Euro and pound resume decline

Eurozone

The euro resumed its selloff on Monday, finding no reason to resume corrective growth. The softer than expected results of the ECB meeting led to the fact that the difference in the monetary policies of the ECB and the Fed becomes even more pronounced. While the Fed is targeting markets for higher rate growth rates, the ECB does not plan the first rate increase earlier in the summer of 2019, and most likely in December 2019, that is, after about a year and a half.

This difference in hikes reflects the state of the two economies. The Fed raises macroeconomic forecasts, the ECB is forced to seek explanations for a slowdown in economic activity in the conditions of ultra-soft policy. Moreover, at a press conference, Mario Draghi did not rule out the possibility of an even weaker economic growth in the eurozone and stressed that at any time, it is possible to resume the asset repurchase program. Such sentiment did not support the euro.

Today, the ECB forum starts, which will last three days, where a number of leaders of the world central banks are expected to speak. As no important macroeconomic publications are expected this week, attention will be directed both to the comments of Mario Draghi, who will speak at the forum three times, and to the growing threat of the deployment of trade wars between the US and its trading partners.

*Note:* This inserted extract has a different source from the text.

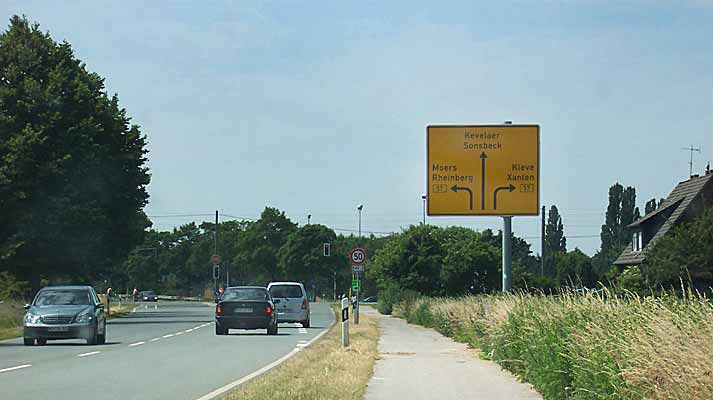 Sie überqueren in Xanten-Birten die B 57 und fahren geradeaus auf der Landstraße 460 Richtung Sonsbeck.

In these conditions, markets are expected to decline, the threat of collapse of stock markets and prices for commodities is growing, the euro is under pressure. The euro may fall to 1.1350 in the next couple of days, there is no reason to resume growth.

United Kingdom

The most important event for the pound this week will be the meeting of the Bank of England on Thursday, June 21. The rate increase is not expected before December, and therefore the focus will be on the accompanying minutes.

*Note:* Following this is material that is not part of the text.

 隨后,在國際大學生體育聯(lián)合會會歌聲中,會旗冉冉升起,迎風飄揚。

After the May meeting, at which it was decided to leave the interest rate level unchanged, it turned out that inflation has decreased slightly, and the unemployment rate had risen, and even good data on retail sales in May, showing growth to 3.9% year-on-year, do not give reason to assume that the purchasing activity of the population is sufficient to resume economic growth and inflation.

The situation with Brexit will get more attention closer to the EU summit on June 28-29, currently the pound reacts more to external factors than to internal ones. The pound may update the local low from May 29, falling below 1.32, but a deeper decline is still in doubt.

Oil

Oil has updated the two-month low against the background of the general strengthening of the dollar across the entire spectrum of the market and the wave of speculation about the future increase in OPEC+ production. The decline, however, was shallow, since OPEC + is likely to exert all efforts to ensure that the fluctuations in quotations were insignificant. The main task of OPEC + is to ensure that oil prices get rid of excessive volatility at a level that suits both producers and consumers. On Friday, OPEC + will open its next meeting, the markets assume that the current agreement will remain in place until the end of the year, and the expansion of production will be slow and will begin no earlier than next year.

Brent may decline in the coming days to 70.70 dollars per barrel. as part of the correction, but the overall trend will continue to grow.